Give back the full listing verbatim, apart from its images.

* Data block
+++

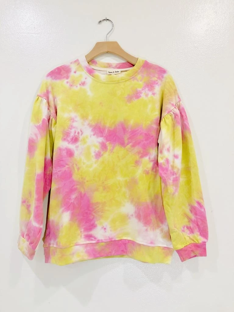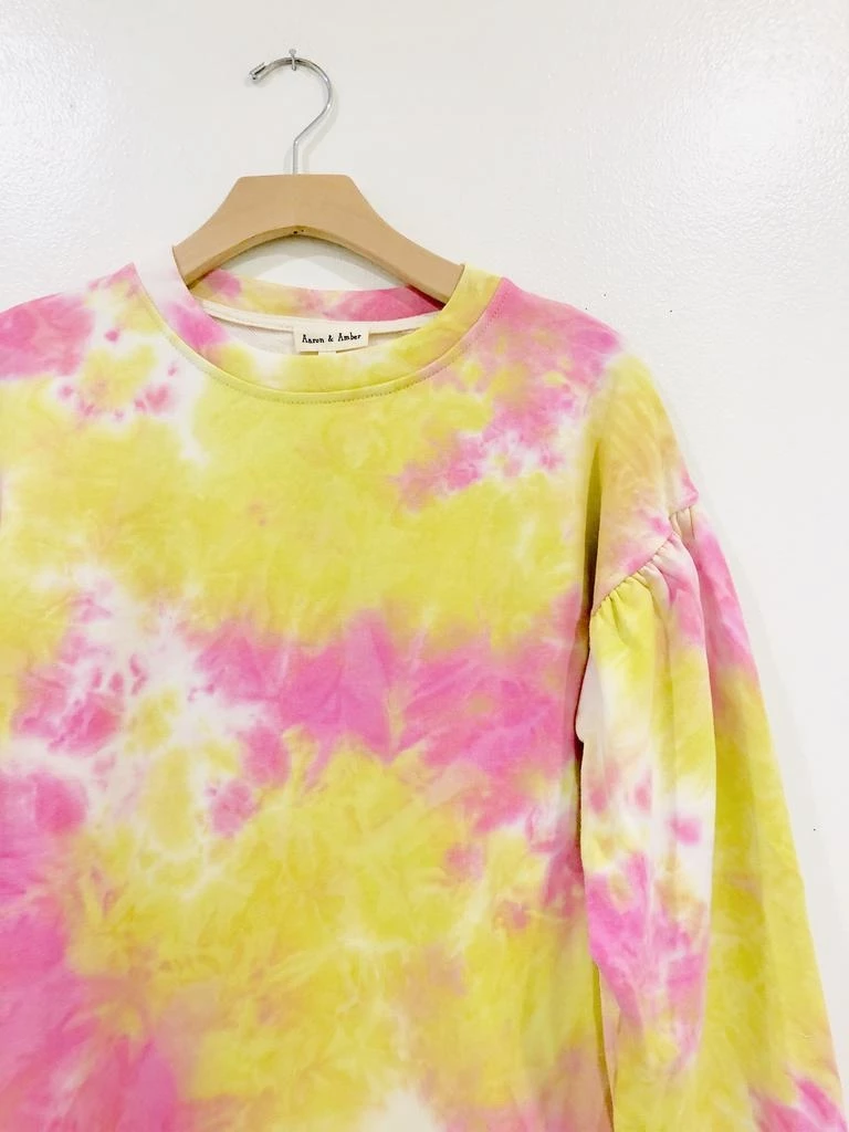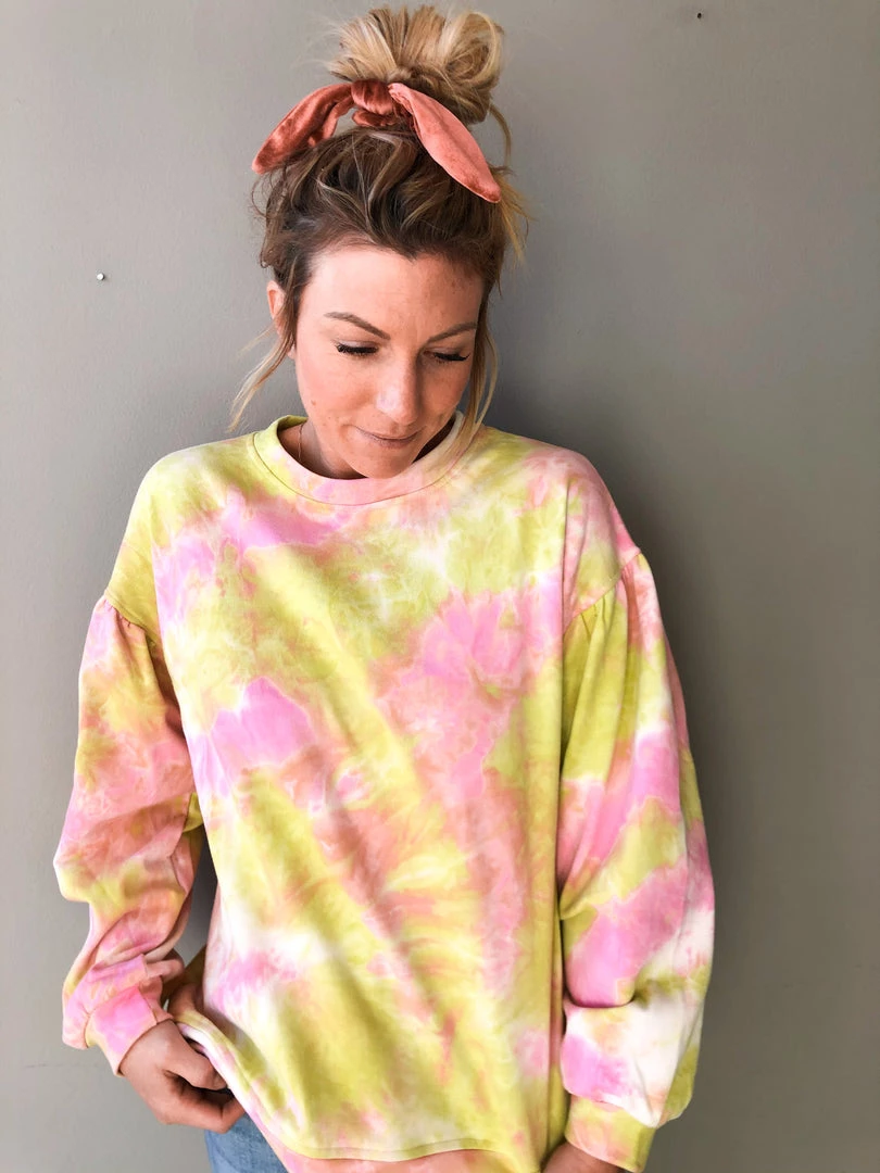 We love the laidback Cali vibes of this tie dye sweater. A yellow and pink tie wash with crew neck and bishop style sleeves. This guy fits comfy on and has plenty of room in the arms and body.
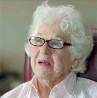 Zie het filmpje op deze NOS-pagina. Met meer foto’s van haar en ze zegt dan iets, wat lijkt dat ze zelf die lapjesbroek had gemaakt .
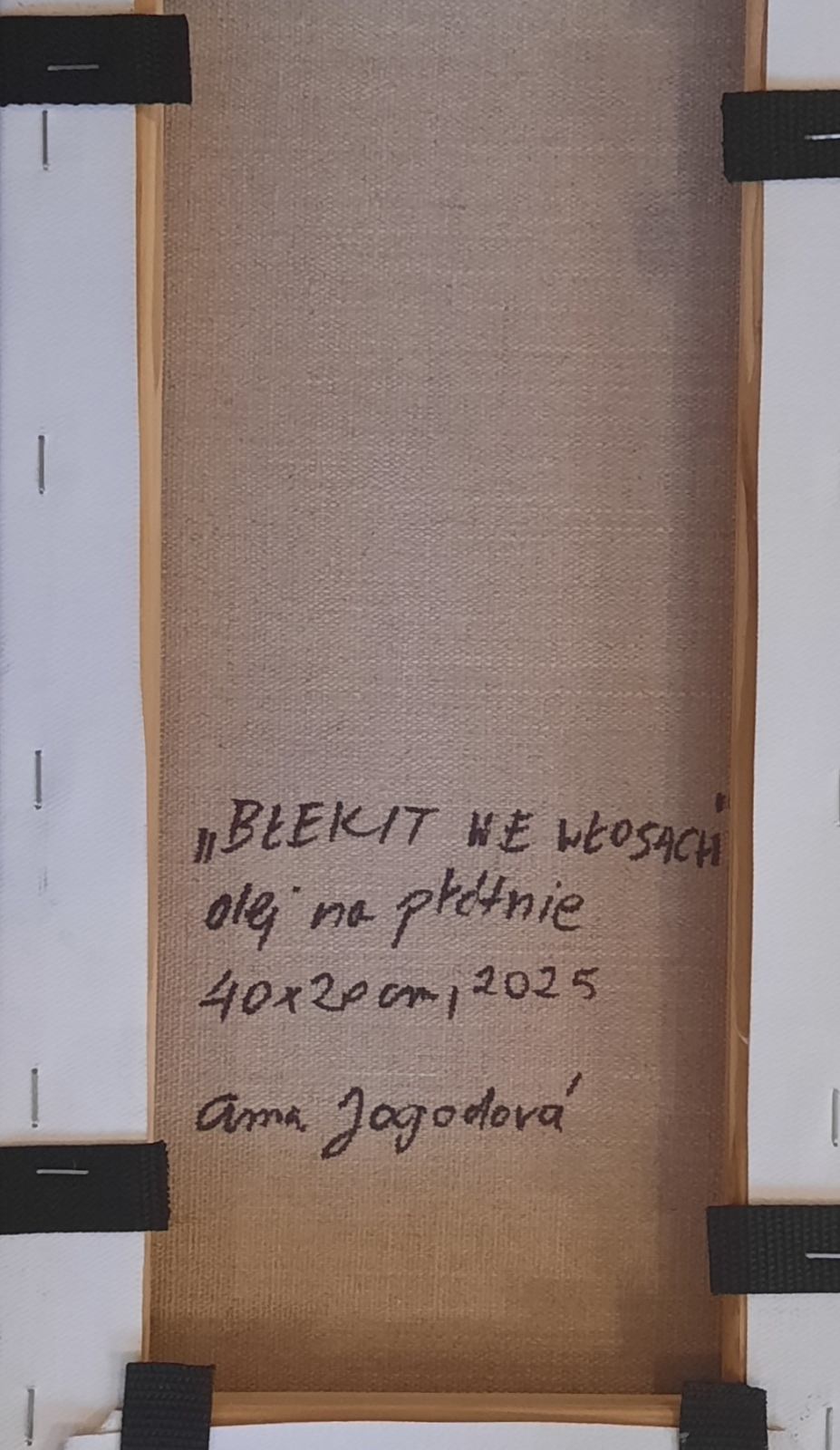 olej / płótno, wym. 40 cm x 20 cm, sygn. p.d. 'A. Jagodova '2025'; oprawa listwowa, materiałowe passe-partout; opisany autorsko na odwrocie: ' "Błękit we włosach" / olej na płótnie / 40 x 20 cm, 2025 / Anna Jagodova '

+++

* Answer space
 We love the laidback Cali vibes of this tie dye sweater. A yellow and pink tie wash with crew neck and bishop style sleeves. This guy fits comfy on and has plenty of room in the arms and body.
 Zie het filmpje op deze NOS-pagina. Met meer foto’s van haar en ze zegt dan iets, wat lijkt dat ze zelf die lapjesbroek had gemaakt .
 olej / płótno, wym. 40 cm x 20 cm, sygn. p.d. 'A. Jagodova '2025'; oprawa listwowa, materiałowe passe-partout; opisany autorsko na odwrocie: ' "Błękit we włosach" / olej na płótnie / 40 x 20 cm, 2025 / Anna Jagodova '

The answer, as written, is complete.